■ **Assigned task**
Nothing but the lines below from the one that contains "Solid Color, Rhinestone" through the one that contains "Langærmet top/bluse i" should be retyped, exactly and including both ends. Do not include pictures.

■ **Provided entries**
──────────────────────────────

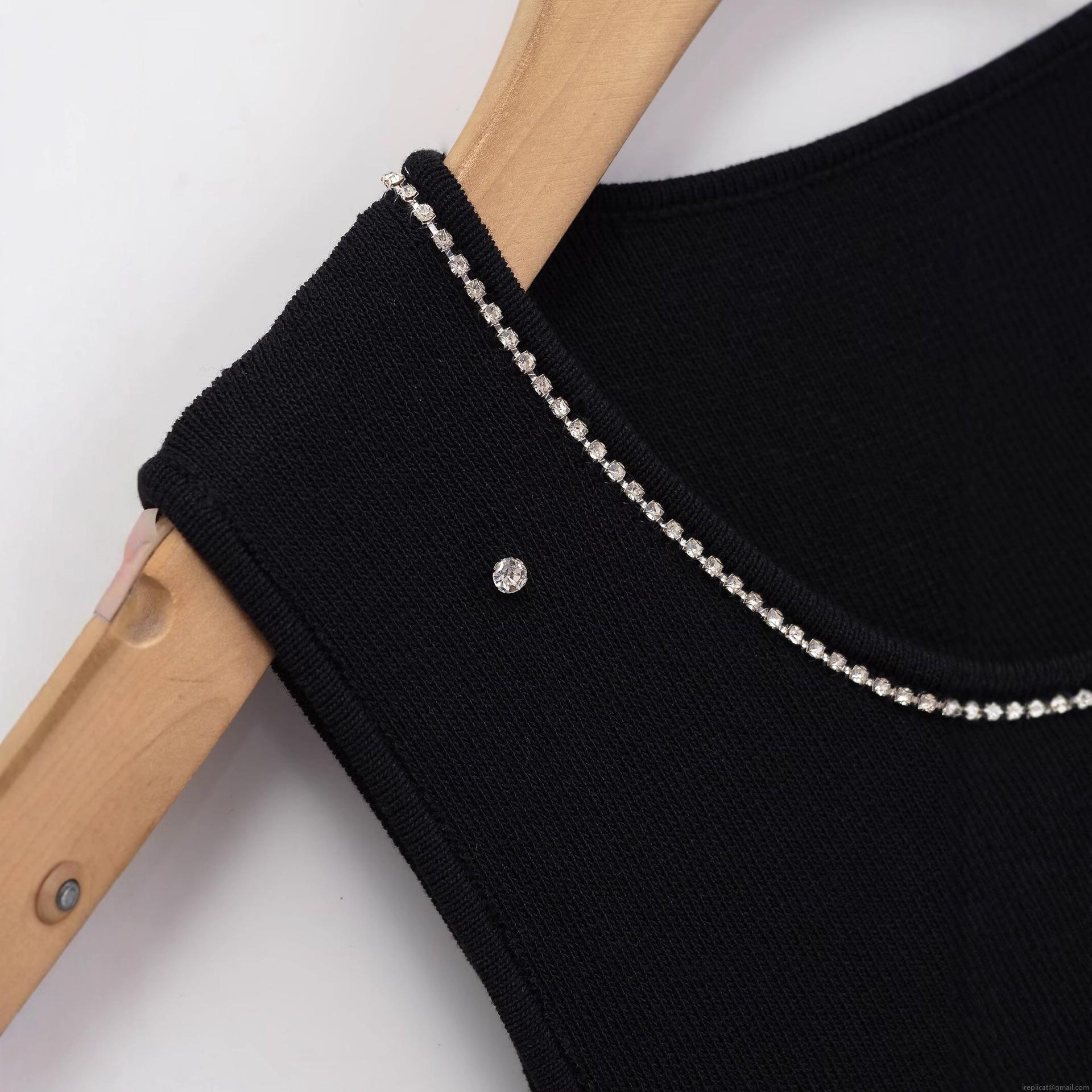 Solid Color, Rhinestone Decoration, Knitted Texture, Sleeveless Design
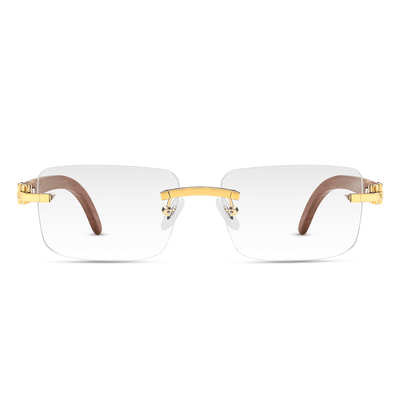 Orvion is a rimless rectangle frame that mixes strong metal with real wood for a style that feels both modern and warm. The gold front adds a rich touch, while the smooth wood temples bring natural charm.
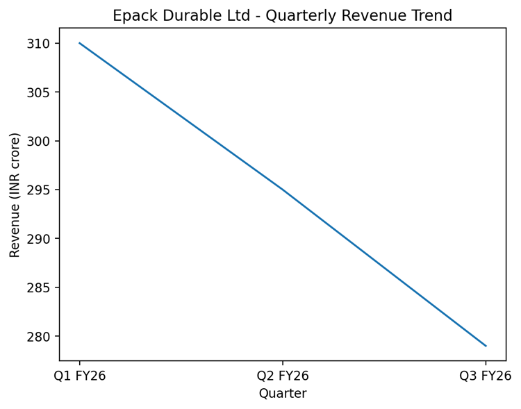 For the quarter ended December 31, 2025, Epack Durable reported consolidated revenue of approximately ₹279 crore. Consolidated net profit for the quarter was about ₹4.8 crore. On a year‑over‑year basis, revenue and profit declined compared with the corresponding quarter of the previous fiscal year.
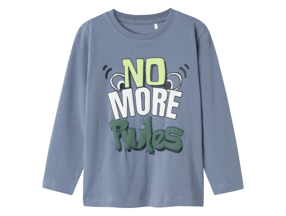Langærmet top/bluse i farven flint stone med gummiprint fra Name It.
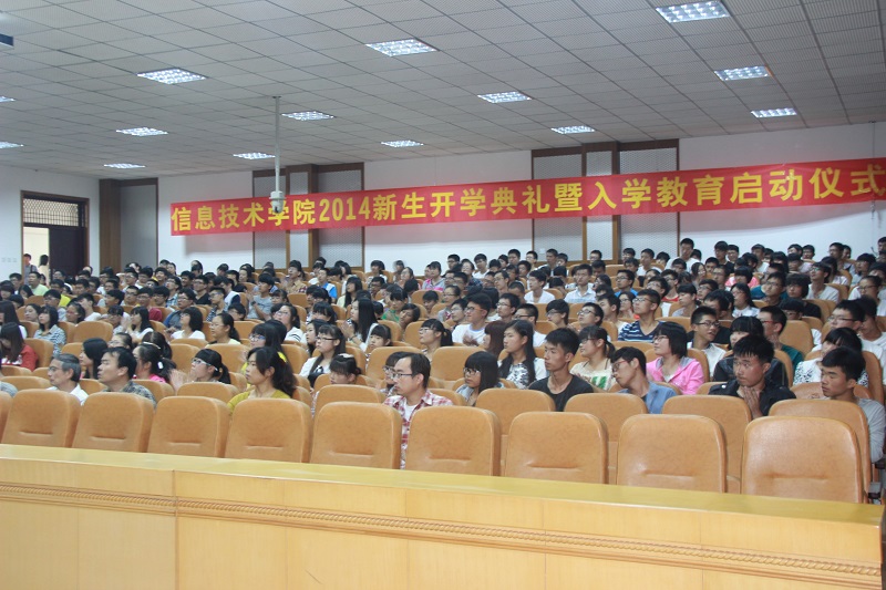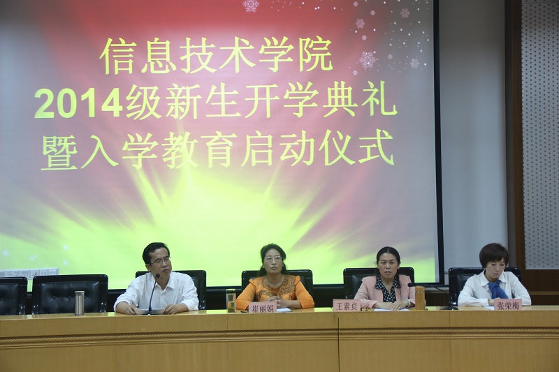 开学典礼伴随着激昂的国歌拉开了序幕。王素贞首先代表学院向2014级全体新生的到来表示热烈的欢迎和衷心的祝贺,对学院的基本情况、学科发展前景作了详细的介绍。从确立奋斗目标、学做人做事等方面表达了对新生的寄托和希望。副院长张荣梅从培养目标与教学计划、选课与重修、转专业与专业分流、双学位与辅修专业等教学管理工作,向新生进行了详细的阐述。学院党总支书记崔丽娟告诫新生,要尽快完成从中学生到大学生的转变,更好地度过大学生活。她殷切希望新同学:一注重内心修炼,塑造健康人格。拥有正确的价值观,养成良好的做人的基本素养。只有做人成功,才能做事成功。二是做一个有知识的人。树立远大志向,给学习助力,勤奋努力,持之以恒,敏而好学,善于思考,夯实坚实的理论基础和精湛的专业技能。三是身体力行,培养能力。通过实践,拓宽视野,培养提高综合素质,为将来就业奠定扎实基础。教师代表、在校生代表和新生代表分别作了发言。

──────────────────────────────

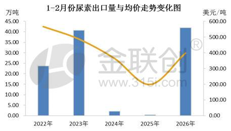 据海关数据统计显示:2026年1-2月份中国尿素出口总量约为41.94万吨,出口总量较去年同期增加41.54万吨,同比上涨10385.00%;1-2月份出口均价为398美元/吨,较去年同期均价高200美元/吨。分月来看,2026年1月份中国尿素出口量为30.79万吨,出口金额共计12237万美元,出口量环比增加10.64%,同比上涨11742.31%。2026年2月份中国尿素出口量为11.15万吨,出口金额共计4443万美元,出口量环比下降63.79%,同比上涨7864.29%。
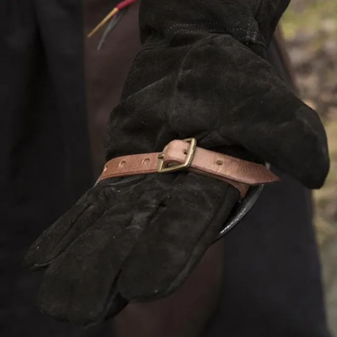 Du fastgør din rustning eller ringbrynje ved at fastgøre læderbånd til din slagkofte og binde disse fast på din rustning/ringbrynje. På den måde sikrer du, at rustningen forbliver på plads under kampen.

──────────────────────────────

■ **Answer area**
 Solid Color, Rhinestone Decoration, Knitted Texture, Sleeveless Design
 Orvion is a rimless rectangle frame that mixes strong metal with real wood for a style that feels both modern and warm. The gold front adds a rich touch, while the smooth wood temples bring natural charm.
 For the quarter ended December 31, 2025, Epack Durable reported consolidated revenue of approximately ₹279 crore. Consolidated net profit for the quarter was about ₹4.8 crore. On a year‑over‑year basis, revenue and profit declined compared with the corresponding quarter of the previous fiscal year.
Langærmet top/bluse i farven flint stone med gummiprint fra Name It.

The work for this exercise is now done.